Some varieties of Parsnip needed to go in, in February, but the variety that I am growing this time has a quicker maturation time so can be sown later in the Spring. Some People try starting them off in Trays, but I was always told that if you Transplanted Root Crops like Parsnips and Carrots they would develop “Forked,” roots, so I always sow mine directly in the ground where they are to grow.
My Greenhouse also has a number of large Pots of Jerusalem Artichokes in. The idea is not to grow them in the Pots, but just start them off so that they can be sold in the Plant Sale. In Pots the Tubers are susceptible to damage by Frost so I have to keep putting them in the Greenhouse over night when Frosts are forecast. Normally this is the time to be Planting the Tubers outdoors in the ground though where they will be OK with the cold.
However, my Cannas lilies definitely need to be kept warm even though they are starting to shoot. In a week, or two, as the Shoots develop, I will be able to divide up the Plants and re-pot them bulking up the number of Plants that I have. Several people have already asked me for Plants as they are ridiculously expensive to buy later on in the Summer. I have 3 different varieties if they all come through the Winter. I have one that is tall and very spectacular with large red flowers, along with a much shorter yellow flowered one and one with a lovely variegated leaf.

We have had large, Communal, Compost Bins for some years now and one of the jobs that I have taken upon myself as a Committee Member is to maintain them along with the Compost Storage Area. With this in mind I do all that I can to encourage Plot Holders to make use of the Compost on their Plots. As a consequence of this I often help barrow Compost onto other people’s Plots. The site is built on a slope that doesn’t look much, but when pushing a heavy Wheelbarrow up it, it is very tiring. So, when a new Plot Holder said that they were putting in a series of Raised Beds, I offered to help. They said that they had got a Motorised Wheelbarrow at the Stables that they could bring up to make life a bit easier and I was fascinated. They duly brought it up to the site on a small trailer with some spare batteries and we got to work with it.
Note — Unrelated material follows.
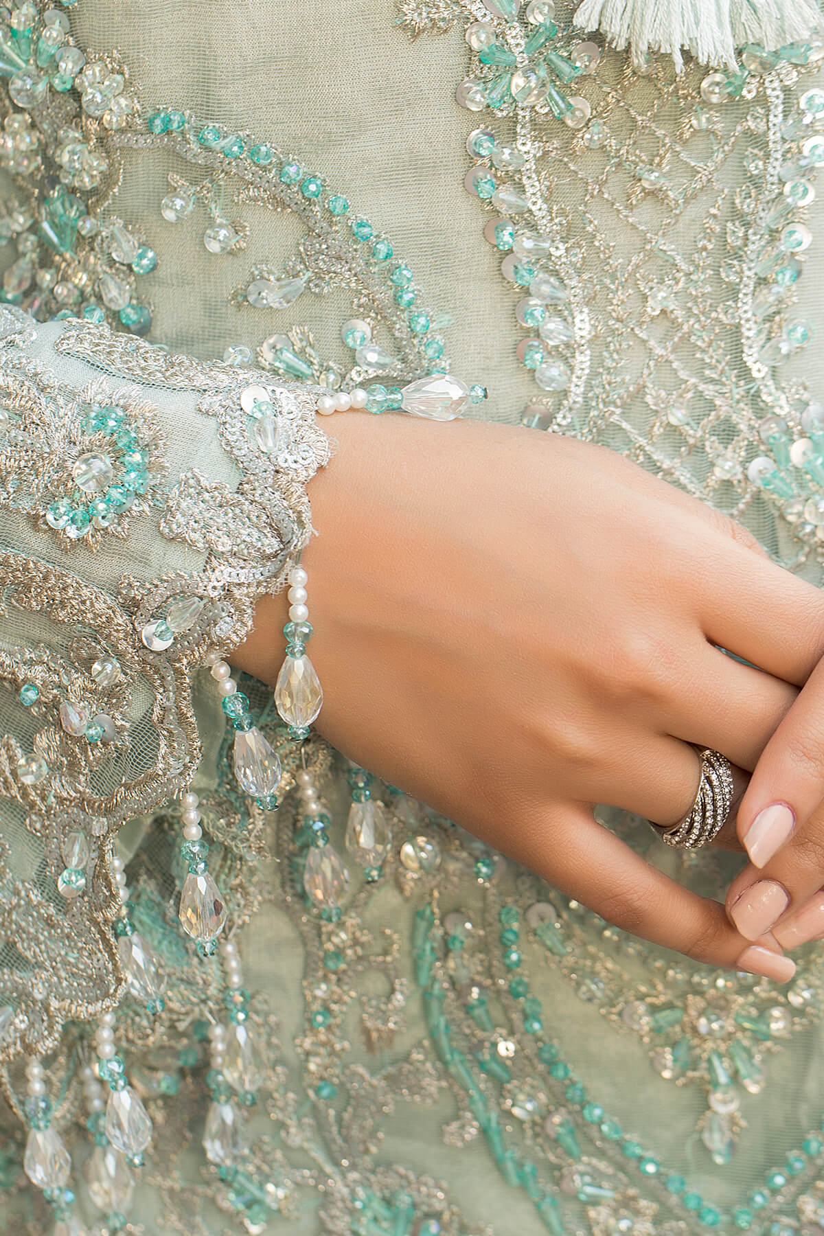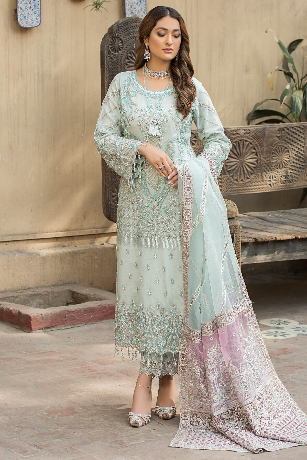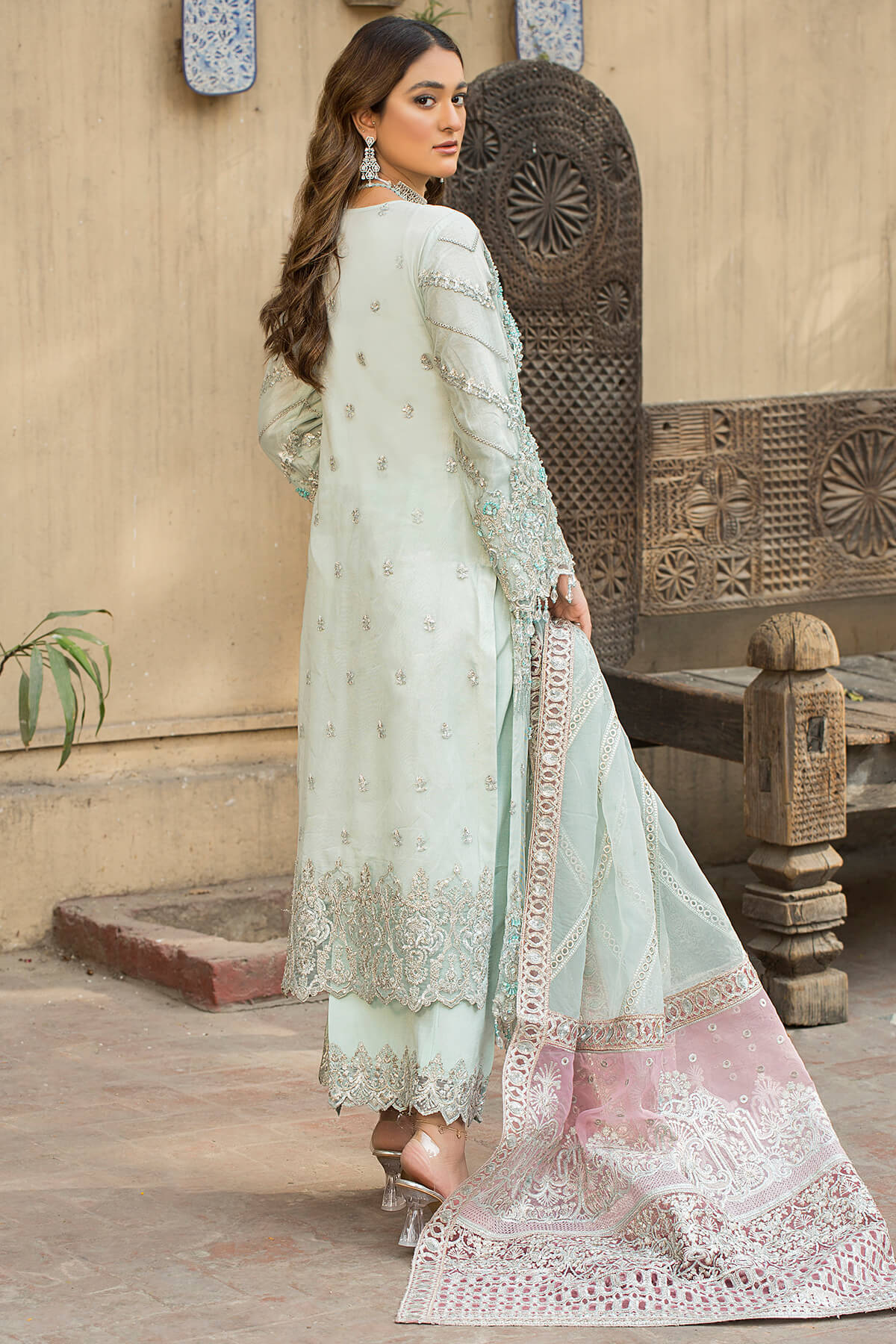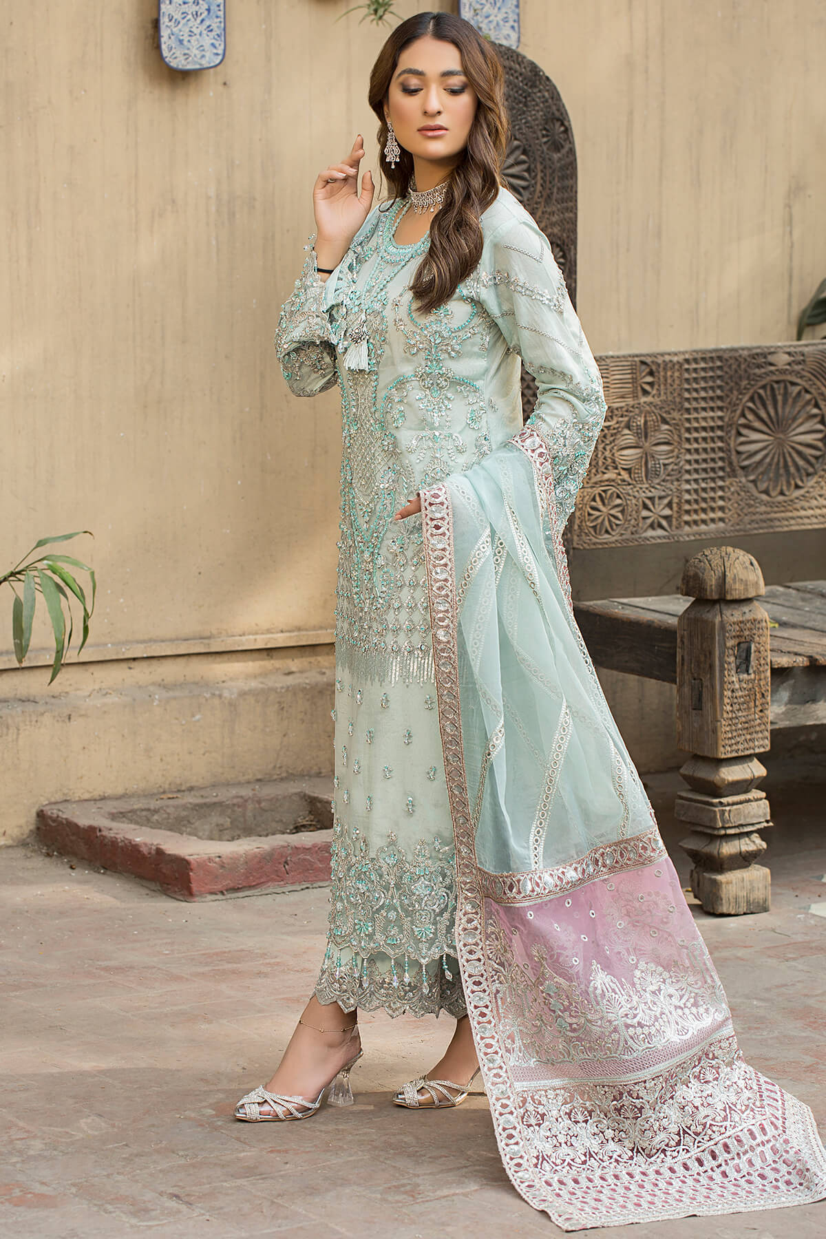 Embroidered organza dupatta.

A number of years ago one of the long running sitcoms did a skit on a motorised Wheelbarrow, so at the time, I never thought for one moment that they actually existed, but there it was, in front of me, and quite capable of powering up the slope with a good hundredweight, or more of Compost in it. I was told that the running time was anything up to one hour depending on its use and it had 2 forward speeds with a reverse as well. Travelling fully laden at a gentle walking speed with some sort of Sprung, or hydraulic tipping facility to empty the barrow, it did everything except fill itself! Costing around £500 new they are not cheap, but what a tool for the elderly of infirm, or just to make life easier!

My own Compost Heap had to be dug out and barrowed away by hand and after some 12 barrows had gone onto my Bean Bed I was quite tired, although the Beans will enjoy it as they like to get their roots down into a good, thick layer of Compost. The remainder of my Compost Heap was bagged up so that I could take it home and use it in potting my rooted Fig cuttings and also to use it to fill other large pots. It is a bit rough so I don’t actually pot in it, but use the compost to fill up the space in the bottom of large Pots, below the Plants roots. Then I top up the pots and around the Plants with some finer stuff.
Along with the Figs, I potted up some divisions from my Aronia bush that is well established on my plot. The Aronia is definitely a Multi Stemmed Plant and can always be relied on to provide partly rooted stems that are easily cut away from the bulk of the fruiting plant. They take a little while to root into the pots properly, but will happily do so as they leaf up. These will be added to my ever growing collection of Plants destined for the Plant Sale that will be upon us before we realise.